- _EXERCISE_
With the pictures removed, the data below must be transcribed in full and exactly.

[Data excerpts]
_ _ _ _ _ _ _

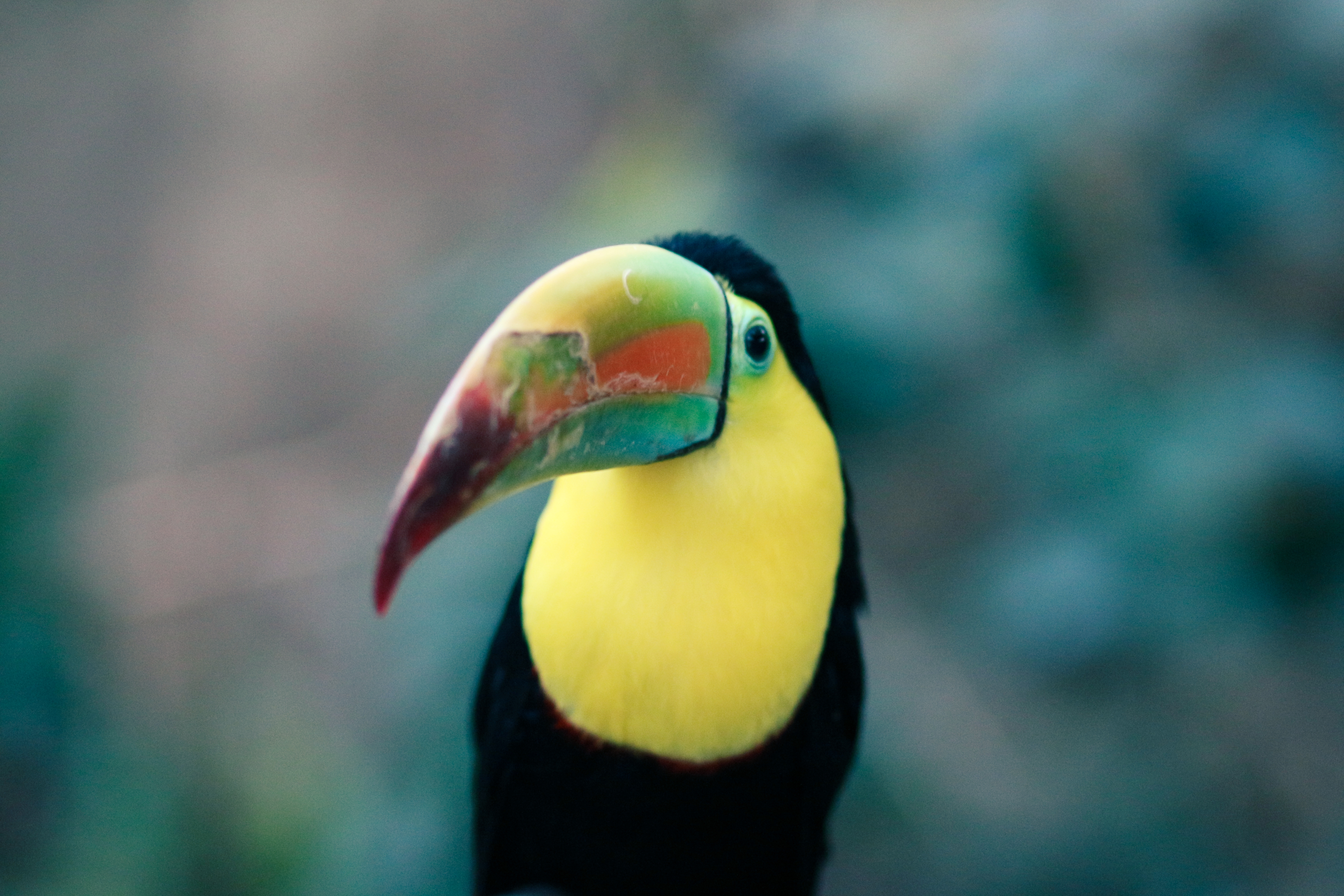 Toucan at the Beardsley Zoo in Bridgeport CT.
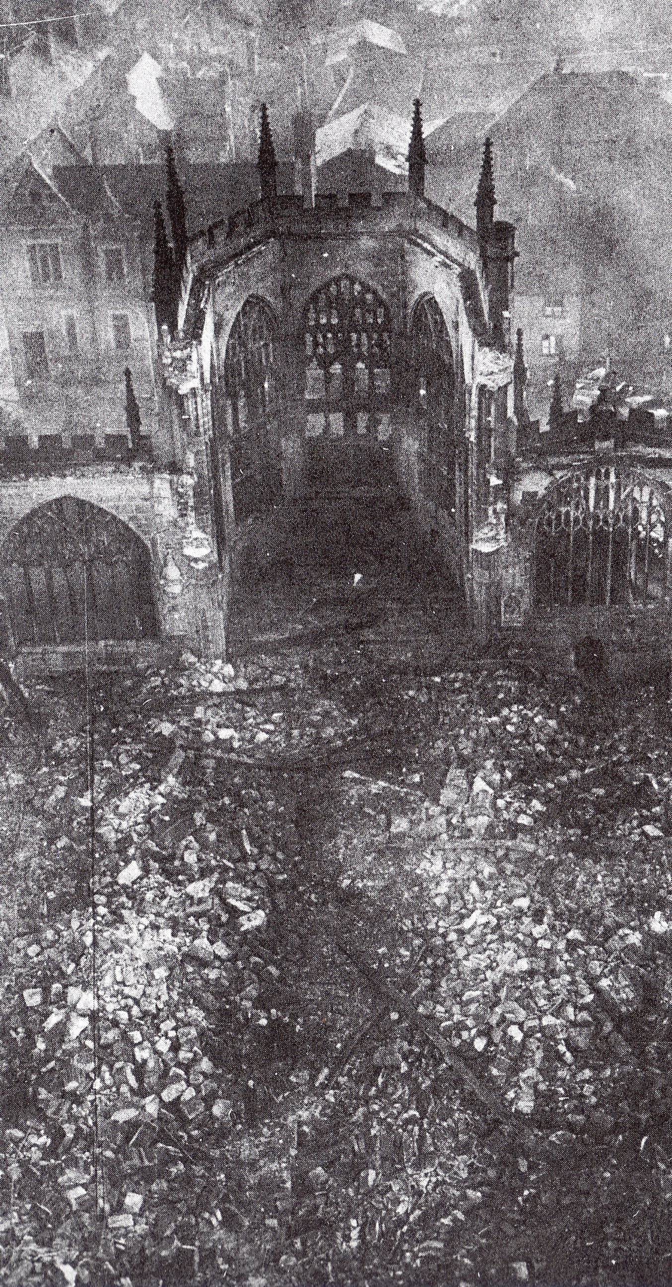 The ruined nave and chancel of Coventry Cathedral, England, seen from the west tower. It is in ruins after the German air raid of November 1940.
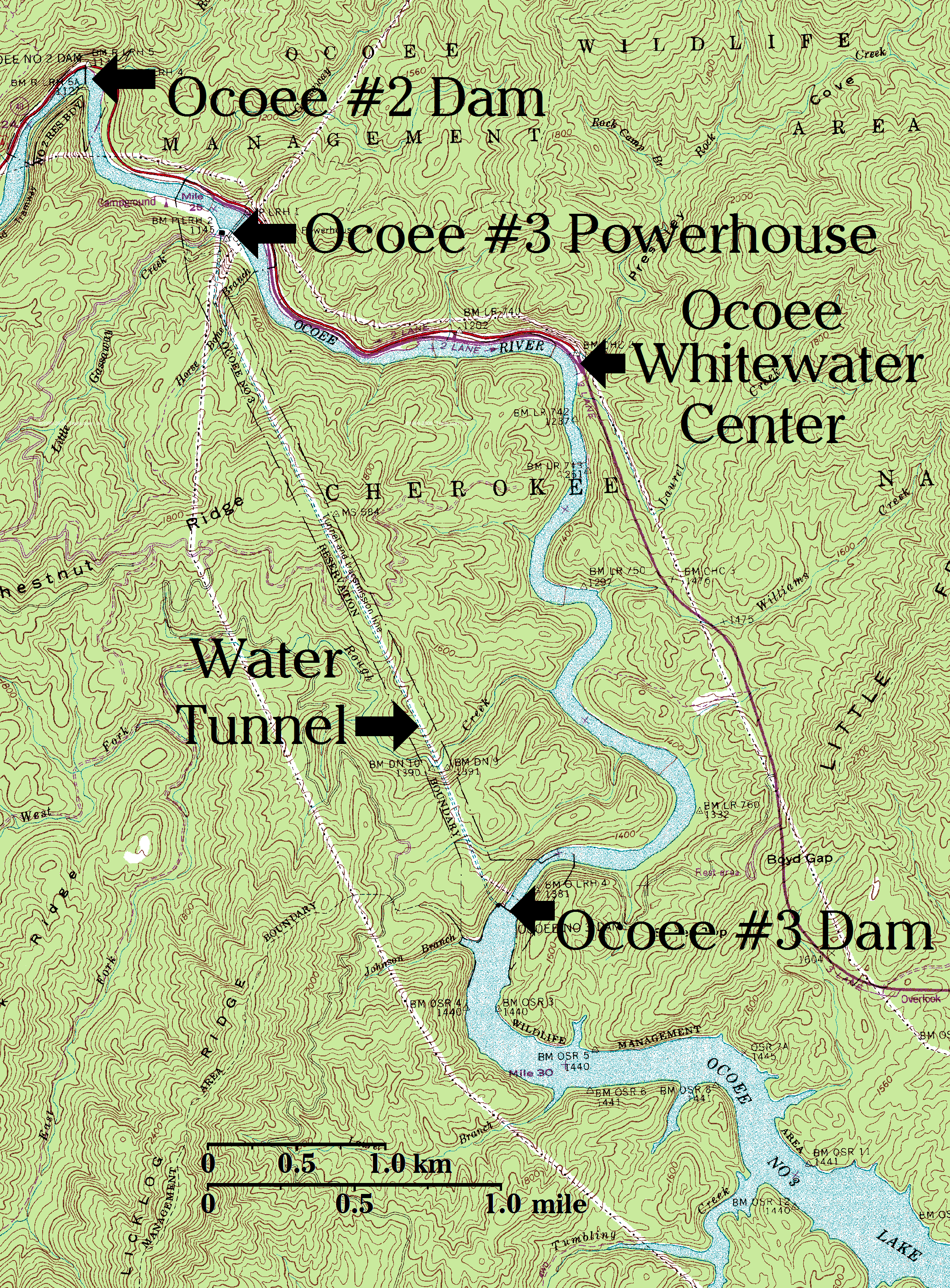 Upper Ocoee River topographical map, with key points labeled in large font. Flows northwestward through the southern Appalachian Mountains of the southeastern United States.
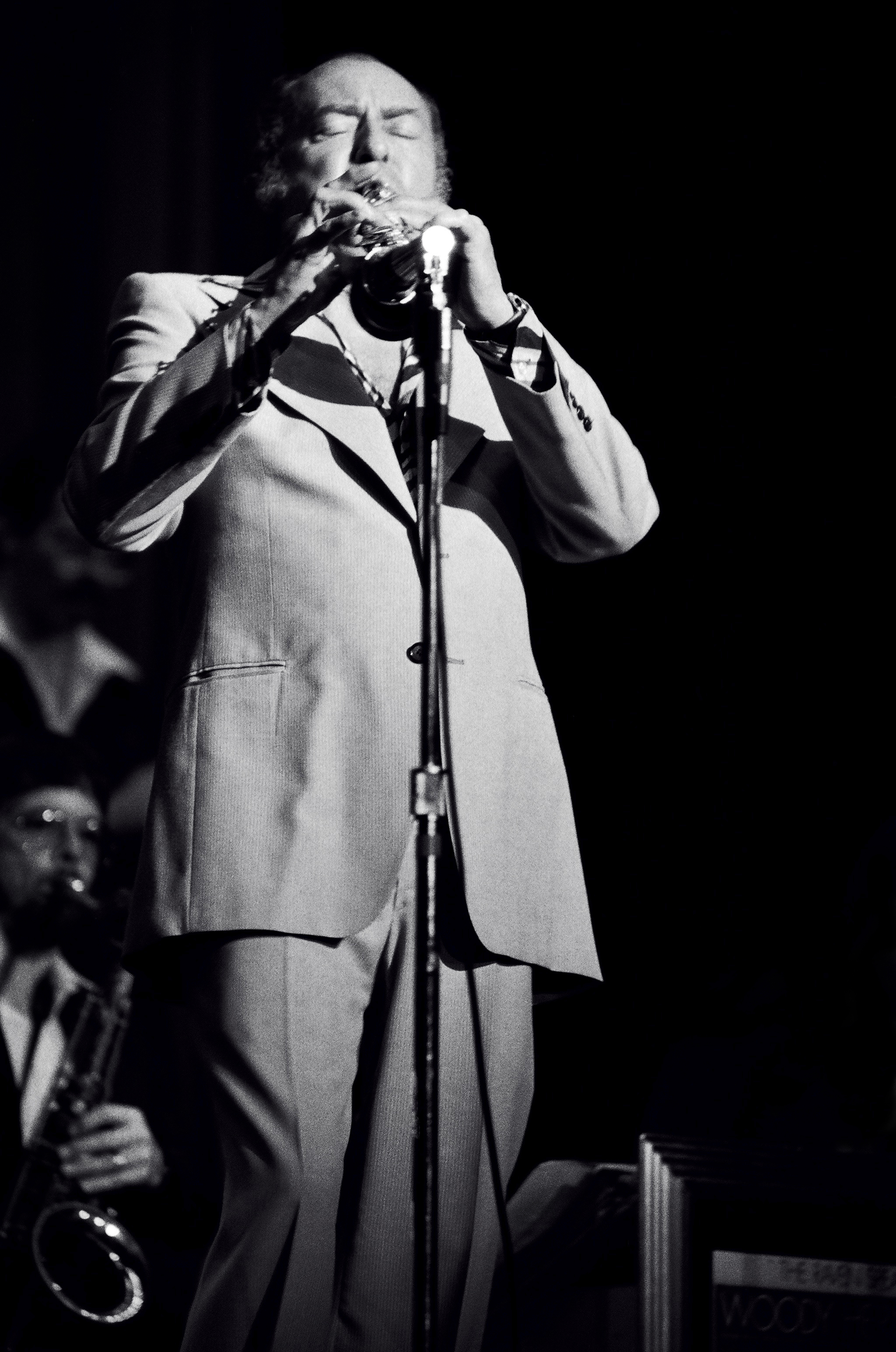 Woody Herman Rochester, N.Y. 1976
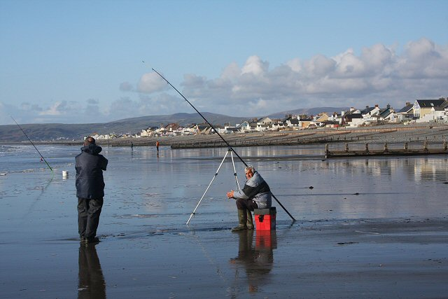 Anglers on Borth beach Looking north along Borth beach at low water.
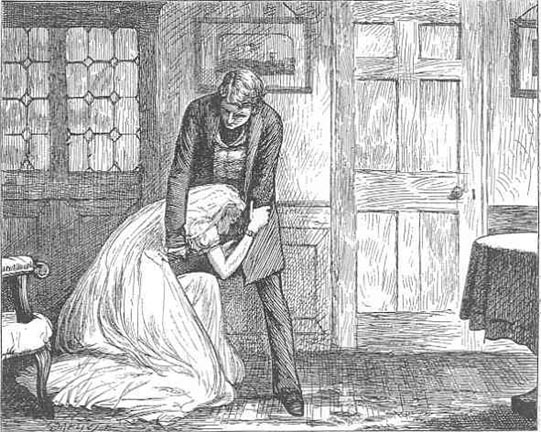 Great Expectation, chapter 49, Miss Havisham begging to be forgiven, by F.A. Fraser
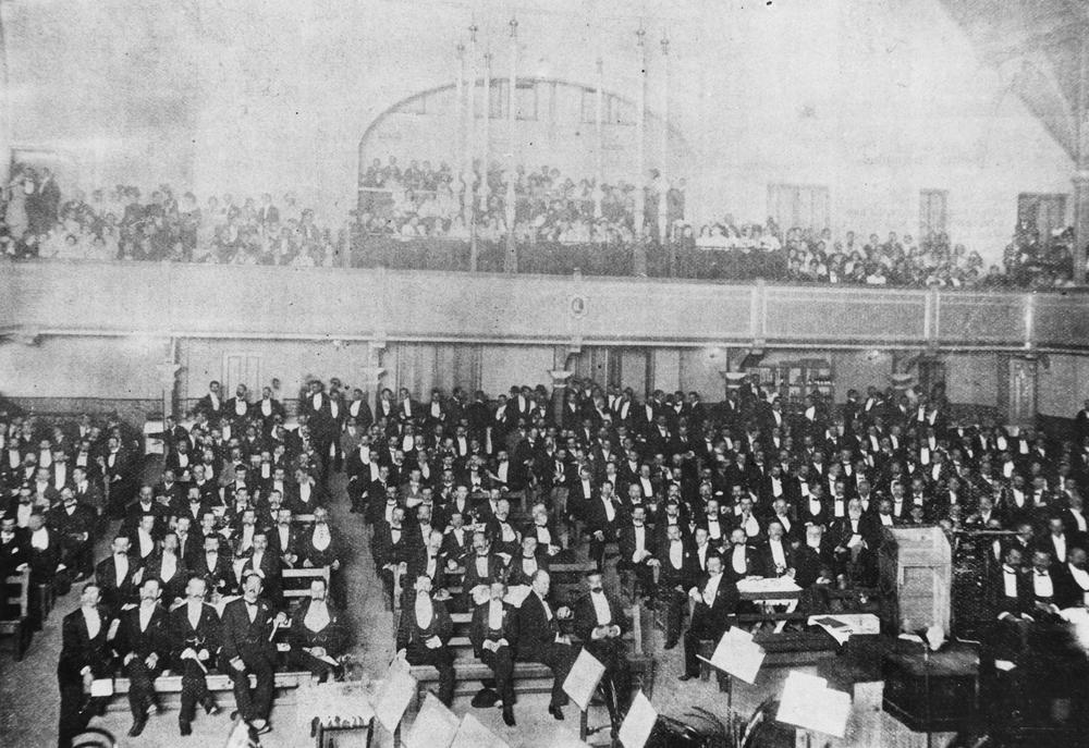 Audience photograph of a 'Liedertafel smoke concert' held in the Exhibition Concert Hall, Bowen Hills, 1901. A large audience is seated in the Exhibition Concert Hall to hear a Liedertafel smoke concert. Liedertafel is a German term referring to a gathering of men who meet to listen to male chiors or male part songs. This photograph appears to be taken from the stage and consists of men. Women and men appear to be seated in the stalls on the second level.
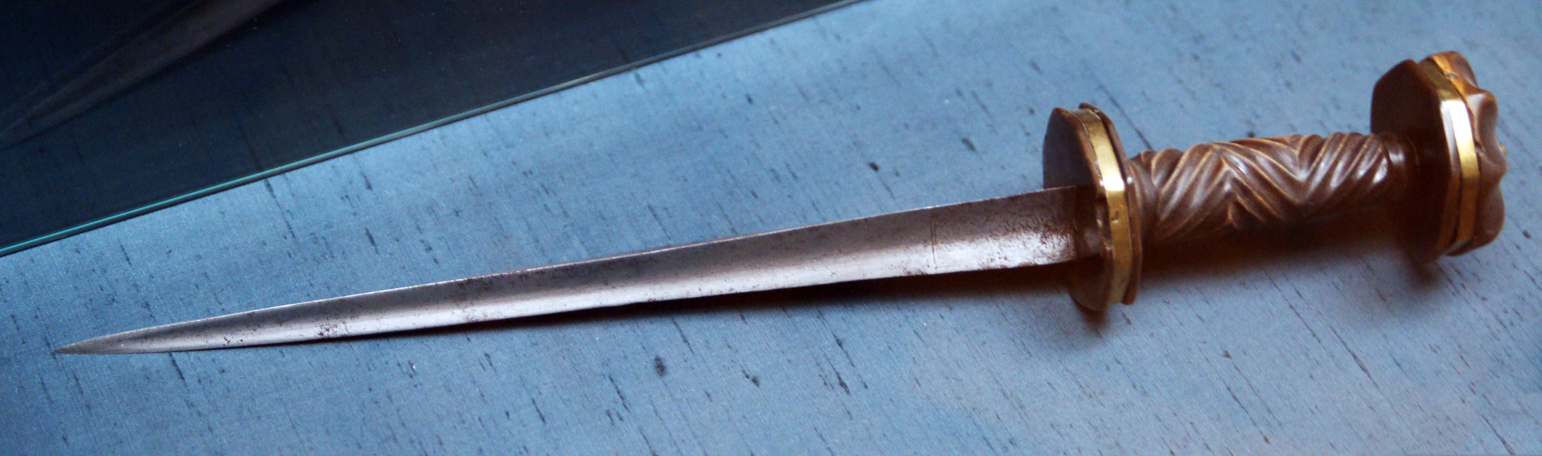 Rondel dagger, probably used by Emperor Maximilian I
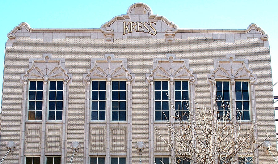 The upper level of the S. H. Kress building in Lubbock showing the characteristic architecture of the stores. Picture taken by Inky for the purposes of the company's article.
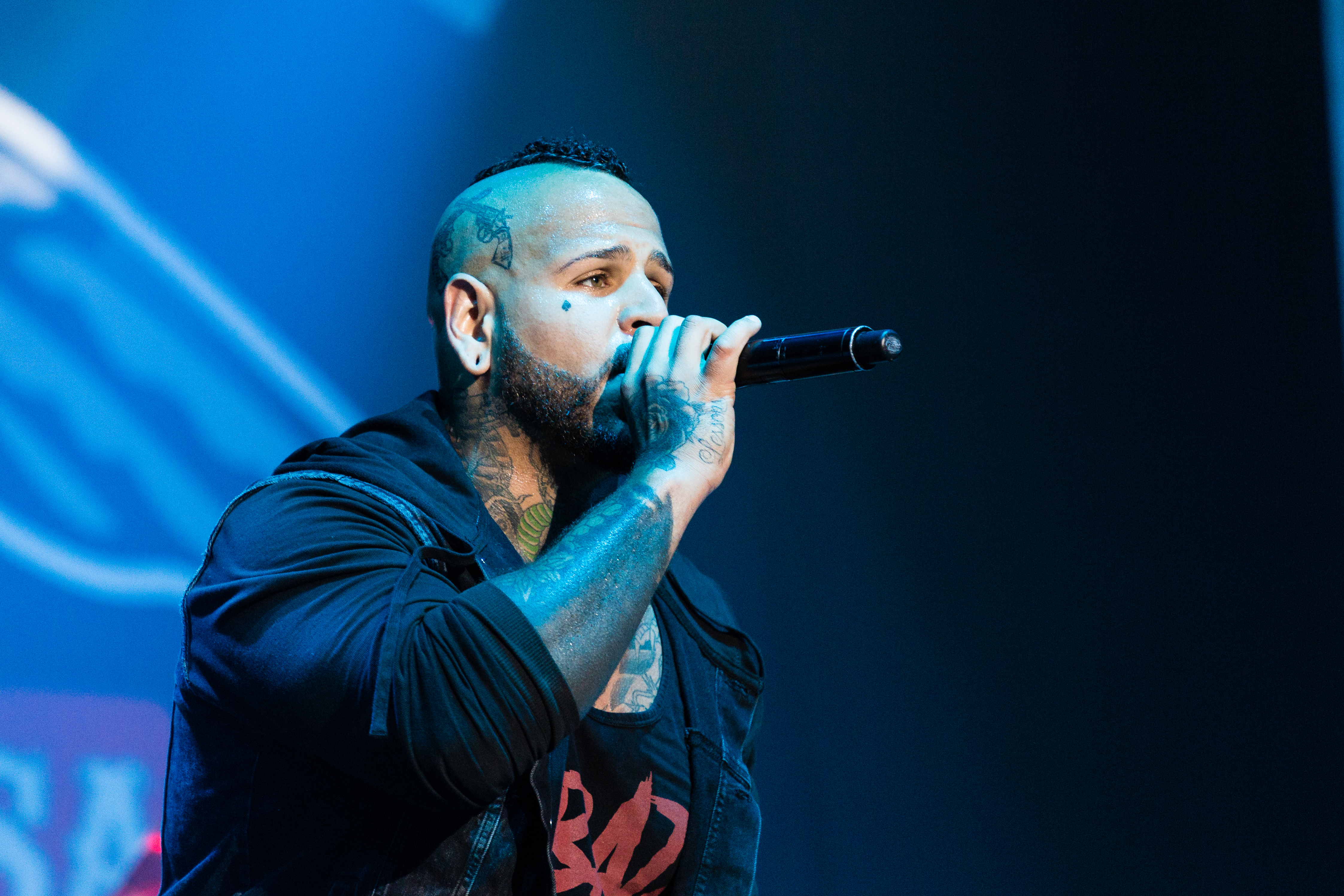 Nova Rock 2017 Tommy Vext with Five Finger Death Punch at the Nova Rock 2017
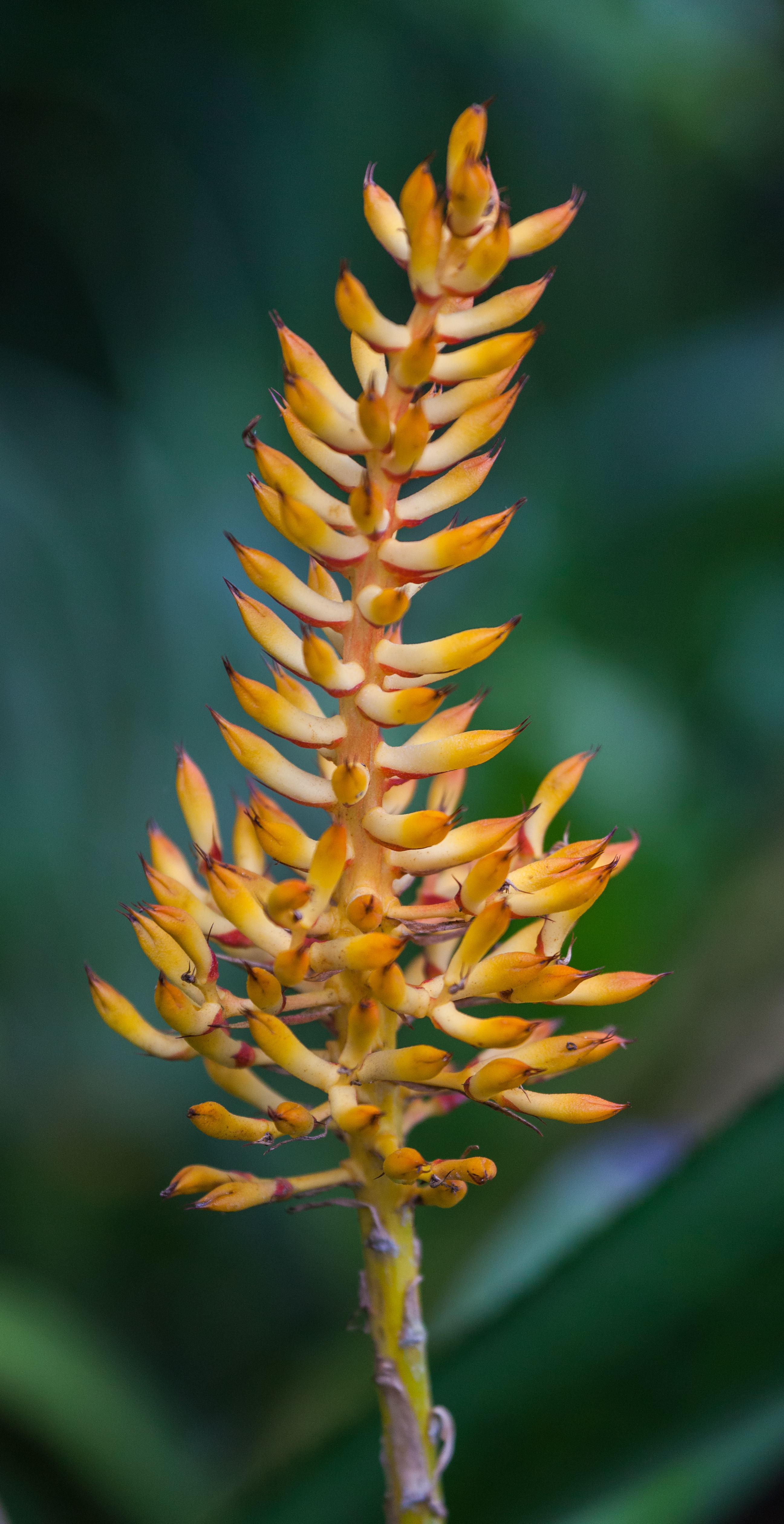 Aechmea caudata, Munich Botanical Garden, Germany

_ _ _ _ _ _ _

- _SOLUTION FOR THIS EXERCISE_
 Toucan at the Beardsley Zoo in Bridgeport CT.
 The ruined nave and chancel of Coventry Cathedral, England, seen from the west tower. It is in ruins after the German air raid of November 1940.
 Upper Ocoee River topographical map, with key points labeled in large font. Flows northwestward through the southern Appalachian Mountains of the southeastern United States.
 Woody Herman Rochester, N.Y. 1976
 Anglers on Borth beach Looking north along Borth beach at low water.
 Great Expectation, chapter 49, Miss Havisham begging to be forgiven, by F.A. Fraser
 Audience photograph of a 'Liedertafel smoke concert' held in the Exhibition Concert Hall, Bowen Hills, 1901. A large audience is seated in the Exhibition Concert Hall to hear a Liedertafel smoke concert. Liedertafel is a German term referring to a gathering of men who meet to listen to male chiors or male part songs. This photograph appears to be taken from the stage and consists of men. Women and men appear to be seated in the stalls on the second level.
 Rondel dagger, probably used by Emperor Maximilian I
 The upper level of the S. H. Kress building in Lubbock showing the characteristic architecture of the stores. Picture taken by Inky for the purposes of the company's article.
 Nova Rock 2017 Tommy Vext with Five Finger Death Punch at the Nova Rock 2017
 Aechmea caudata, Munich Botanical Garden, Germany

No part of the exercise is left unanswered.